Here are some callouts to consider:

  • If the controller is never explicitly set (default setting), the controller is automatically defined as the 0x0 address. This means that a table owner has the default "allow all" permissions.
    • In other words, the owner is the only one who can call a mutate function by default; it’s the only address that can perform any SQL write queries.
  • If the owner sets the controller to an EOA, the caller of a mutate function must be the controller of the table. This controller EOA address will now have the default "allow all" permissions, removing all query permissions from the table owner.
    • For example, user address_1 mints a table and sets the controller to user address_2.
    • Before setting the controller, address_1 had full "allow all" permissions and ownership of the table; address_1 could perform any SQL write operations and was the owner of the ERC721 token (e.g., can still set the controller, transfer ownership, etc.).
    • After address_1 set the controller to address_2, address_1 no longer has the "allow all" permissions. The controller address_2 has the "allow all" permission, but the owner still owns the table (e.g., can set/change the controller, transfer ownership, etc.).
  • If the controller is set to a contract address, it must implement ITablelandController.
    • It **is *technically possible* to set a controller to a contract address that doesn’t implement the controller interface. However, this would lead to issues.
    • There is logic that checks if the mutate caller is a contract.
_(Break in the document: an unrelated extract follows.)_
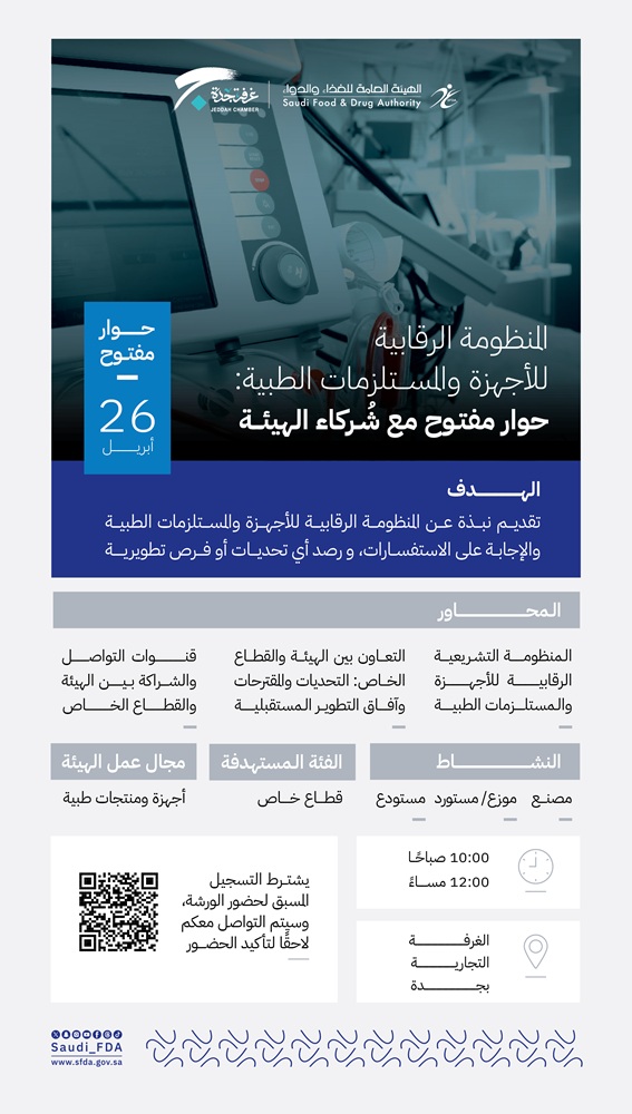 2026-04-26 - 2026-04-26 المنظومة الرقابية للأجهزة والمستلزمات الطبية: حوار مفتوح مع شُركاء الهيئة 2026-04-22 - 2026-04-22 المنظومة الرقابية للأجهزة والمستلزمات الطبية: حوار مفتوح مع شركاء الهيئة رابط التسجيل 2026-04-22 - 2026-04-22 شرح وتوضيح إجراءات الاستيراد والتصدير وحرية البيع المحاور: شرح إجراءات الاستيراد والتصدير للمنتجات الغذائية وحرية البيع. شرح وتوضيح اليات…

If so, the registry contract makes a getPolicy call on this calling controller contract — which, if ITablelandController isn’t implemented, will cause the call to revert.

Dynamic ACL

The power of the TablelandController and pure smart contract approach is that they allow you to create ACLs that evolve with your project. Perhaps you have an NFT where users have a window of time where they can update metadata, and then your project will lock it down. To do this, you can simply update the TablelandController or change the logic in your smart contract to enforce the new rules. It's that easy.